▶ _Given data_
☆ ☆ ☆
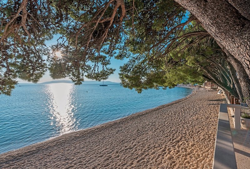- Kiesstrand: öffentlich, von der Anlage getrennt durch Straße, Liegen (kostenpflichtig)
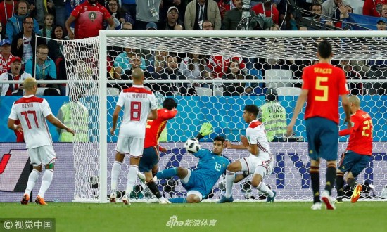 北京时间6月26日,世界杯B组小组赛,西班牙vs摩洛哥,比赛第19分钟,伊涅斯塔突破后送出妙传,跟上的伊斯科一脚爆射洞穿了摩洛哥的球门。
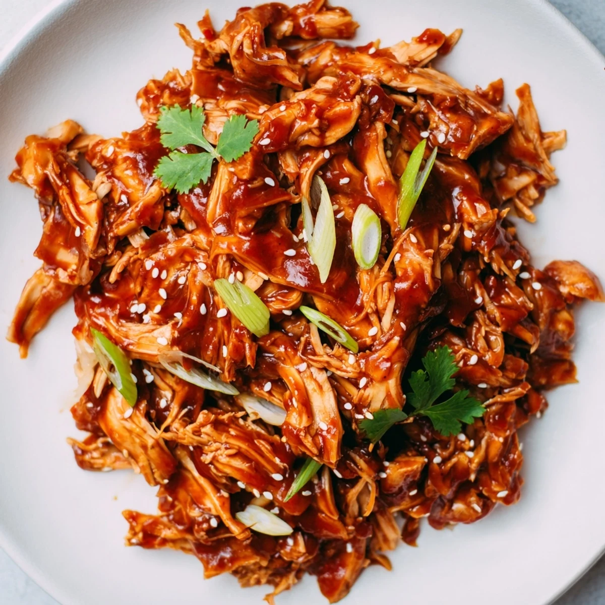 This hands-off dish features boneless chicken breasts slow-cooked for 4-5 hours in a glossy sweet chili sauce infused with fresh garlic, ginger, and sesame oil. The result is tender, juicy meat that shreds easily and absorbs all the sweet-spicy flavors.
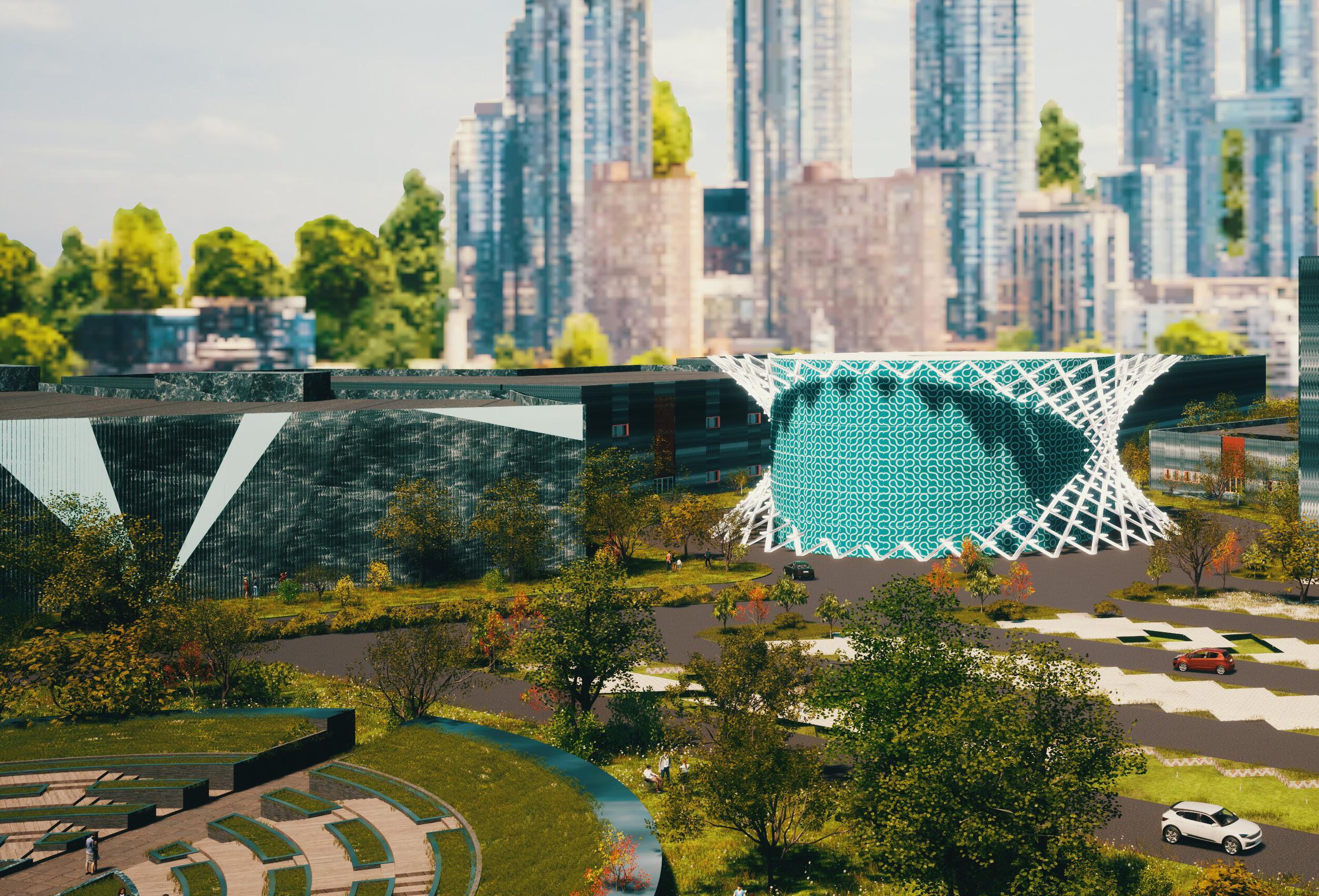 Welcome to the mesmerizing ArachnoWeave Centre, where the artistry of spiderwebs takes architectural form. This innovative mall is inspired by the inherent design sense of spiders, drawing inspiration from their captivating weaving techniques. Just as spiderwebs attract prey, the mall’s design elements aim to entice visitors. The façade, crafted from perforated concrete, beautifully mimics the intricate patterns of spiderwebs, while also incorporating principles that resonate with insects’ visual perception in UV light. The overall effect creates an immersive environment where visitors are lured by the interplay of design elements and spatial construction, reminiscent of nature’s delicate and captivating creations. ence, leaving a lasting impression
☆ ☆ ☆
▶ _Assigned task_
Give again exactly the lines running from the beginning of the material above through the line that contains "This hands-off dish", and leave out every picture.

▶ _Output below_
- Kiesstrand: öffentlich, von der Anlage getrennt durch Straße, Liegen (kostenpflichtig)
 北京时间6月26日,世界杯B组小组赛,西班牙vs摩洛哥,比赛第19分钟,伊涅斯塔突破后送出妙传,跟上的伊斯科一脚爆射洞穿了摩洛哥的球门。
 This hands-off dish features boneless chicken breasts slow-cooked for 4-5 hours in a glossy sweet chili sauce infused with fresh garlic, ginger, and sesame oil. The result is tender, juicy meat that shreds easily and absorbs all the sweet-spicy flavors.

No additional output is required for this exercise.